**TASK DETAILS**
In the material below, the lines between the one holding "- DescriptionPrint of" and the one holding "These signs made", inclusive, are to be set down word for word. Pictures stay out.

**EXERCISE INPUTS**
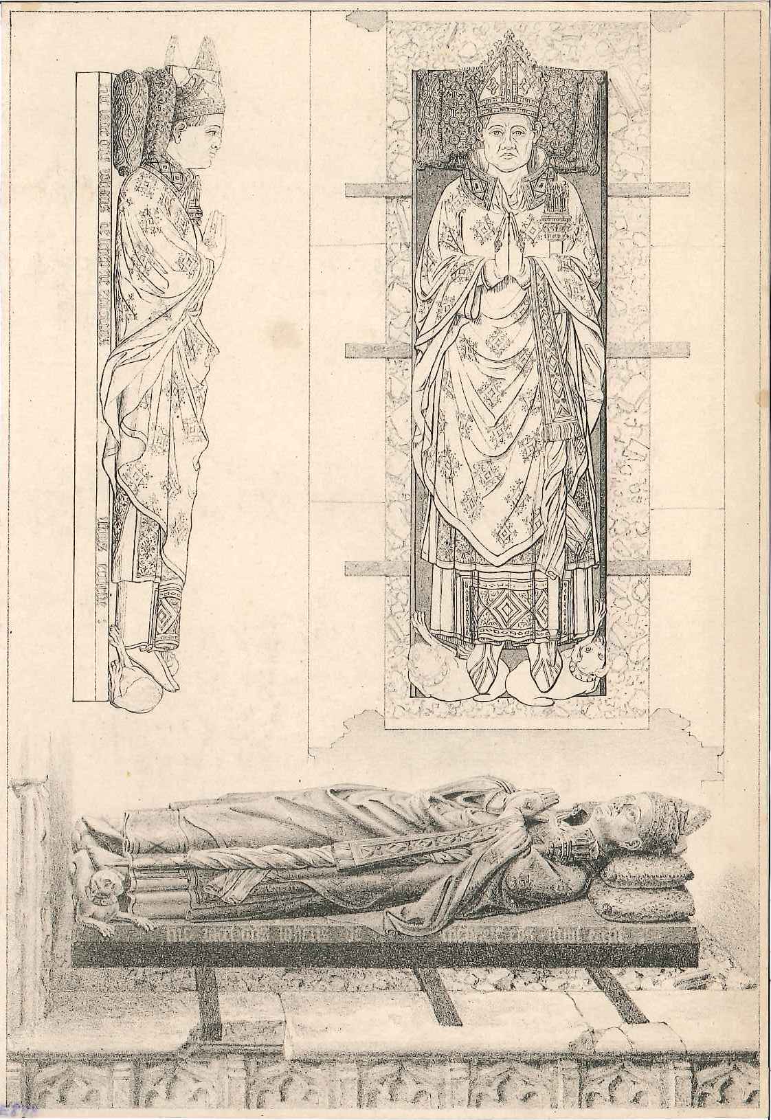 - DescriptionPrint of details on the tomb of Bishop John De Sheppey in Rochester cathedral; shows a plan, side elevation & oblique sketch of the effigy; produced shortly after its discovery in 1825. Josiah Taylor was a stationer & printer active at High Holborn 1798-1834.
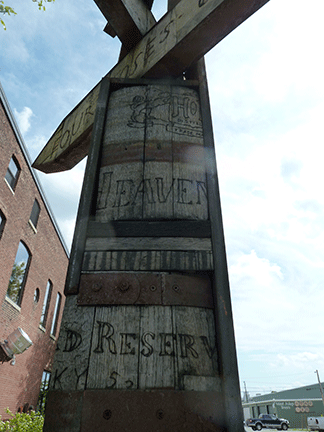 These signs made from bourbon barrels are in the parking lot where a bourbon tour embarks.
==
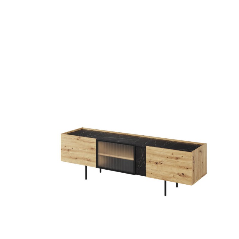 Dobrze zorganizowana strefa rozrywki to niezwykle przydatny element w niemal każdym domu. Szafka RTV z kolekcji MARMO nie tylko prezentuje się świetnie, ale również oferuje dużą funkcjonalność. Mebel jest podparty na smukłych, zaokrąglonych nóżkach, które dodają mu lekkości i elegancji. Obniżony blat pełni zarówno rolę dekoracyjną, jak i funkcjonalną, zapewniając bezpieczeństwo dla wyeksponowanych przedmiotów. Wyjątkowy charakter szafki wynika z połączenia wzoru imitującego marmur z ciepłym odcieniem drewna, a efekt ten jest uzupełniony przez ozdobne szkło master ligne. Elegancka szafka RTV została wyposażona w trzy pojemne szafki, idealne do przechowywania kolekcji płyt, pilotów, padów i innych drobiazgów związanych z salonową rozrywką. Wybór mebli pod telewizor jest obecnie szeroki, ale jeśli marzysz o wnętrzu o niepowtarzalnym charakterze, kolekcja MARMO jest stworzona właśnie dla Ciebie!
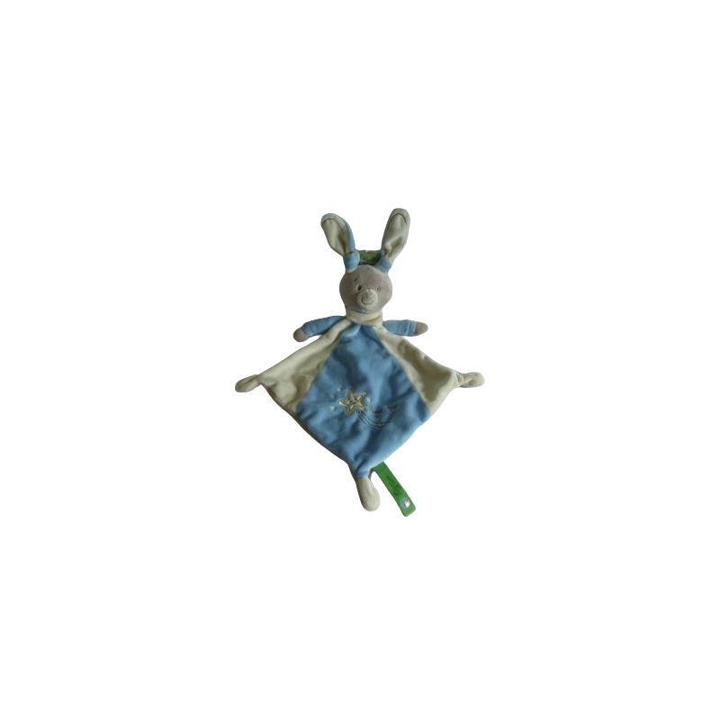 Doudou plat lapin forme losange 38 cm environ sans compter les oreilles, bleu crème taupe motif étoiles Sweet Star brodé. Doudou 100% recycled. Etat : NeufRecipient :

**COMPLETED TASK**
 - DescriptionPrint of details on the tomb of Bishop John De Sheppey in Rochester cathedral; shows a plan, side elevation & oblique sketch of the effigy; produced shortly after its discovery in 1825. Josiah Taylor was a stationer & printer active at High Holborn 1798-1834.
 These signs made from bourbon barrels are in the parking lot where a bourbon tour embarks.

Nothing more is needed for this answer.